If a group \(G\) is generated, say, by \(a, b\), and \(c\), then a set of equations involving \(a, b\), and \(c\) is called a set of defining equations for \(G\) if these equations completely determine the table of \(G\). (See end of Chapter 5.) If \(G^{\prime}\) is another group, generated by elements \(a^{\prime}, b^{\prime}\), and \(c^{\prime}\) satisfying the same defining equations as \(a, b\), and \(c\), then \(G^{\prime}\) has the same table as \(G\) (because the tables of \(G\) and \(G^{\prime}\) are completely determined by the defining equations, which are the same for \(G\) as for \(G^{\prime}\) ). Consequently, if we know generators and defining equations for two groups \(G\) and \(G^{\prime}\), and if we are able to match the generators of \(G\) with those of \(G^{\prime}\) so that the defining equations are the same, we may conclude that \(G \cong G^{\prime}\). Prove that the following pairs of groups \(G, G^{\prime}\) are isomorphic. \(G=\mathbb{Z}_{2} \times \mathbb{Z}_{2} \times \mathbb{Z}_{2} ; G^{\prime}=\\{e, a, b, c, a b, a c, b c, a b c\\}\) where \(a^{2}=b^{2}=c^{2}=e\) and \((a b)^{2}=(b c)^{2}=(a c)^{2}=e\)

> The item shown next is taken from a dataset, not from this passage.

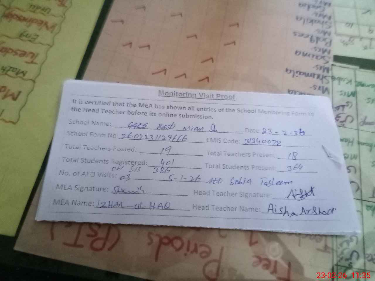 | EMIS Code: 31340072 | Name of School: GGES BASTI MIAN SAHIB | |||

We have seen in the text that \(\mathbb{R}\) is isomorphic to \(\mathbb{R}^{+} .\)Prove that \(\mathbb{R}\) is not isomorphic to \(\mathbb{R}^{*}\) (the multiplicative group of the nonzero real numbers). (HINT: Consider the properties of the number \(-1\) in \(\mathbb{R}^{*}\). Does \(\mathbb{R}\) have any element with those properties?)

Let \(c\) be a fixed element of \(G .\) Let \(H\) be a group with the same set as \(G\), and with the operation \(x * y=x c y .\) Prove that the function \(f(x)=c^{-1} x\) is an isomorphism from \(G\) to \(H\).

Prove that \(\mathbb{Z}\) is not isomorphic to \(\mathbb{Q}\).

We have seen that \(\mathbb{R} \cong \mathbb{R}^{+}\). However, prove that \(\mathbb{Q}\) is not isomorphic to \(\mathbb{Q}^{+} \cdot\left(\mathbb{Q}^{+}\right.\) is the multiplicative group of positive rational numbers.)